## DATA UNDER STUDY

○ ○ ○ ○ ○ ○ ○

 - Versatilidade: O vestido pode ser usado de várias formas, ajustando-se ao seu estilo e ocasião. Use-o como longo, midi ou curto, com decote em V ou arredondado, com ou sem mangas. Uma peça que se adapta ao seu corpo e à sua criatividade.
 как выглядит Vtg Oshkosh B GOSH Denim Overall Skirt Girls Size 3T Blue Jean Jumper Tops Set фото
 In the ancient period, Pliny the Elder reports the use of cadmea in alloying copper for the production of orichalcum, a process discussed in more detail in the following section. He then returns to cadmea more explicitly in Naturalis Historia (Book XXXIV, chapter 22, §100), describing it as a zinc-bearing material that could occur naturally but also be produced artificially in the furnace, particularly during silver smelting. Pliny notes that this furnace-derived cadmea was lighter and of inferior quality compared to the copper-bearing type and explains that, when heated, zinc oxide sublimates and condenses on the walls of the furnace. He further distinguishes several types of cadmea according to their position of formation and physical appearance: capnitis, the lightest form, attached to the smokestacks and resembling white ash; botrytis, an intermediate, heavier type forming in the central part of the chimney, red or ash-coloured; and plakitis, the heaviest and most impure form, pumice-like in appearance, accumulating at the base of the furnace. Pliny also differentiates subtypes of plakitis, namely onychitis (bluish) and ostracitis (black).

○ ○ ○ ○ ○ ○ ○

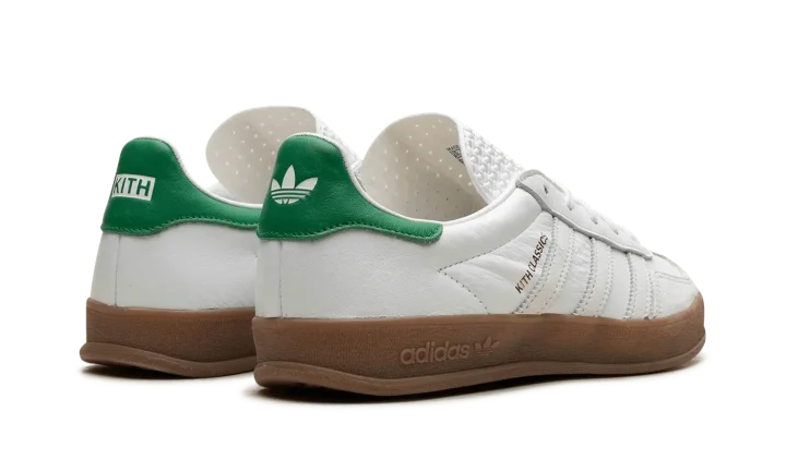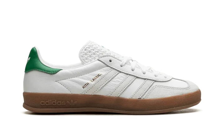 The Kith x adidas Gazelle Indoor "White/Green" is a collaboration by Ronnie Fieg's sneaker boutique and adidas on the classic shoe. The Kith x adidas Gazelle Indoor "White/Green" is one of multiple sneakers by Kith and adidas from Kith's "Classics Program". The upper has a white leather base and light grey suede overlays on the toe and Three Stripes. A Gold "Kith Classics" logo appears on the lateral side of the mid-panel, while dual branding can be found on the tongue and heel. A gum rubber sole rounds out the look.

○ ○ ○ ○ ○ ○ ○

## REQUIREMENT
In the listing above, find the line with "- Versatilidade: O" and the line with "как выглядит Vtg", then print exactly those two lines and every line between them, and nothing more.

## EXERCISE RESULT
 - Versatilidade: O vestido pode ser usado de várias formas, ajustando-se ao seu estilo e ocasião. Use-o como longo, midi ou curto, com decote em V ou arredondado, com ou sem mangas. Uma peça que se adapta ao seu corpo e à sua criatividade.
 как выглядит Vtg Oshkosh B GOSH Denim Overall Skirt Girls Size 3T Blue Jean Jumper Tops Set фото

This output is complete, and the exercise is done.